Saturday, September 23, 2017

We Have Kids. Two Sons. Two Daughters. It Shouldn't Matter If They're "Dogs"


The other day, I was chatting in the virtual world with an acquaintance of mine. I've known her for quite some time. She occasionally reads this blog and keeps up with my Facebook posts and our Bodacious Biscuit Love and Our Bodacious Dog Mom Life Facebook page. I appreciate her candid nature and aversion towards beating around the bush. At times, she's crossed my proverbial line, but I've never allowed myself to be caught off guard.

That's pretty much sums up our relationship in a nutshell.

During our chat, she ranted a bit about something that was bothering her. Here's a brief excerpt from our conversation...

"Okay, so I can deal with certain terms like fur-kids, furry kids, pup kids, rescue fur-kids, foster kids, and doggy kids. But, don't you think it's taking it too far over the top when you refer to them as your kids or son or daughter?"
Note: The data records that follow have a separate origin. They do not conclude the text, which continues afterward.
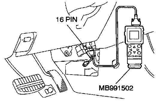 1. Connect scan tool MB991502 to the data link connector.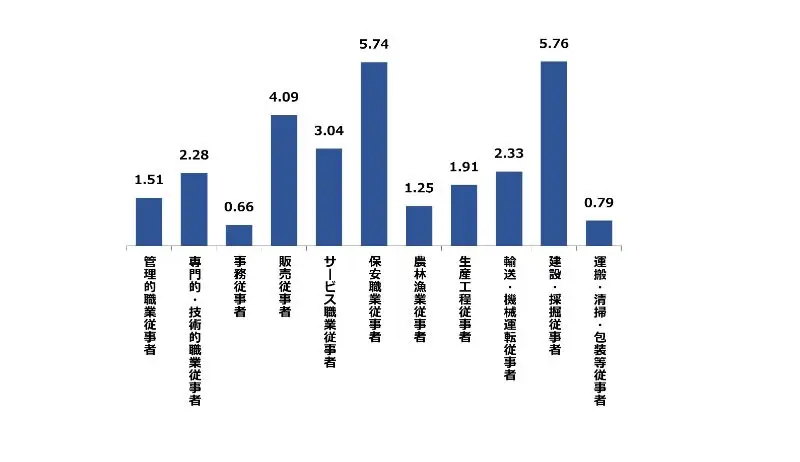 石川県の2月の職種別有効求人倍率は、建設・採掘従事者が5.76倍、保安職業従事者が5.74倍と高くなっております。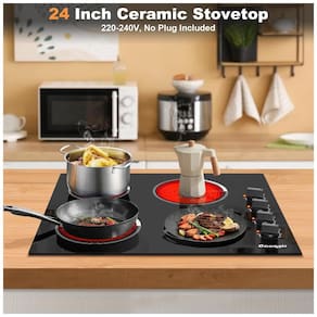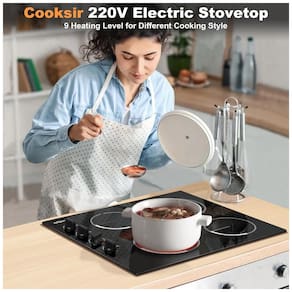 Cooktop elétrico de embutir Cooksir com 4 queimadores de indução, 9 níveis de temperatura, 220V e 6000W de potência total. Possui aquecimento por infravermelho distante, sem radiação eletromagnética, e recursos de segurança como desligamento automático e indicador de calor residual.Luz de calor residual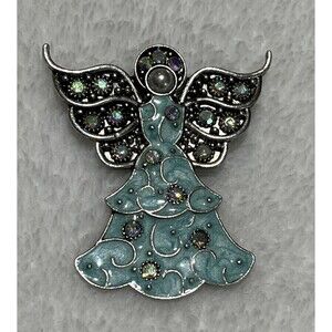 This vintage enamel Christmas angel pin/brooch is a fantastic addition to your holiday jewelry collection. The angel's wings are beautifully detailed and the colors are perfect for the season. The round rhodolite stone adds a touch of elegance to the piece, which is made of resin and has a channel-set setting style. It measures 2.25 inches in length and is perfect for women who want to add a touch of festive cheer to their outfits. This pin/brooch is an original piece and is not signed or modified. It would make a great gift for anyone who loves unique and vintage jewelry.
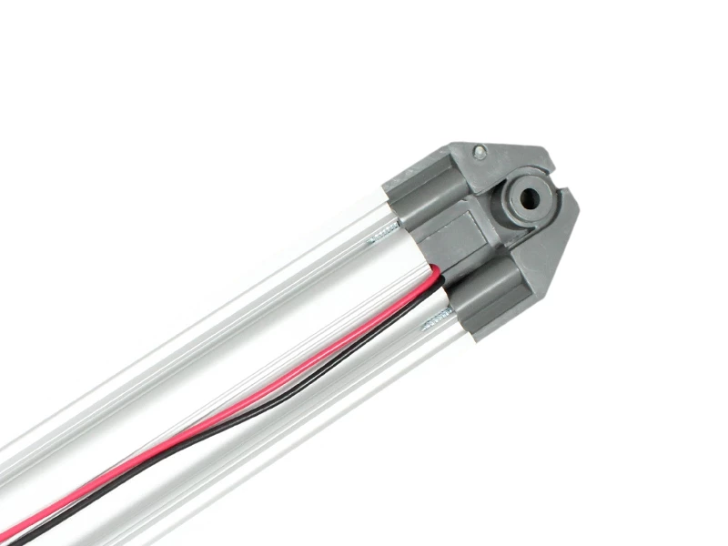 The housing has removable plastic caps to access the fixing holes and connection is via flying leads (+ve to red, -ve to black) that exit at the end of the light.

The first thing that came to my brain was, "Nope. Not at all."

The second thing to surface in my brain was, "Nope. Not at all."
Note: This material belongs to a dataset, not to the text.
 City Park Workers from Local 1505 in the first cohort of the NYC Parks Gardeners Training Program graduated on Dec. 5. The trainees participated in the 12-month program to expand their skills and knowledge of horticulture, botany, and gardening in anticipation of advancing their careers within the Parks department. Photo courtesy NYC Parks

The third thought to enter my brain was, "Nope. Not at all."

I wasn't offended by her question. In fact, it made me think. On this blog site, I refer to Coco, Sophie, Lobo, and Willa as our kids. On the Bodacious Biscuit Love blog site, I refer to them as our fur-kids. The same holds true for the Facebook pages and my personal Facebook page.

I need to stop doing that.

In order to stop doing that, I had to reflect on why I use various and separate terms depending on where I'm posting or publishing.

Why?

That was a hard question to ask and answer.

While I don't have a concrete answer, I know where it stems from.


Too often, we've been criticized because we refer to "our dogs" as kids or sons and daughters. I was fed up with the haste and having to defend our choices.

I was sick and tired of people making comments about our choice not to have human kids.

I was frustrated with the reactions from friends and family each time our family got a little bit bigger. And, that was always followed with the big question that resonated in my brain...

"Would they have the same reaction if our family got bigger with human kids instead of furry kids?"

We never asked. We probably never will.


More thoughts followed...

As a work at home Dog Mom, I found myself getting increasingly irritated by people's assumptions that I spent my days "doing arts and crafts" and "playing with my dogs all day."

Being a work at home Dog Mom isn't easy. It's not glamorous. Truthfully, it's the hardest work I've ever done in my entire life.

It has also been the most rewarding.


I understand there's a lot of people, including friends and family, who don't get it. We have one family member who has invited us to visit several times, but it's always followed with, "You can bring one dog if you'd like."

Dog?

One?

For us, that's not an option especially when the commute time alone is over 5 hours round-trip. This is why Lisa makes the journey alone while I stay here with the kids.

This is also why we've become adamant about the road traveling both ways. If Lisa can leave early in the morning, drive 2 1/2 hours one way, visit for most of the day, and make the 2 1/2 drive back home, so can everyone else.


There were more questions. Very few answers. However, after taking the time to ponder the questions and gaining more perspective, I realized it wasn't about answering questions or catering to people's level of comfort.

Truth is, Coco, Sophie, Lobo, and Willa are our kids. We have 2 sons and 2 daughters.

I don't care what you or anyone else thinks about that.

I'm tired of using a myriad of terms in order to cater to everyone's comfort levels.

That's going to end. Now.

You can disagree.

You can ridicule the fact that we refer to "our dogs" as kids, sons, and daughters.

At the end of the day, I couldn't F-Bomb care less.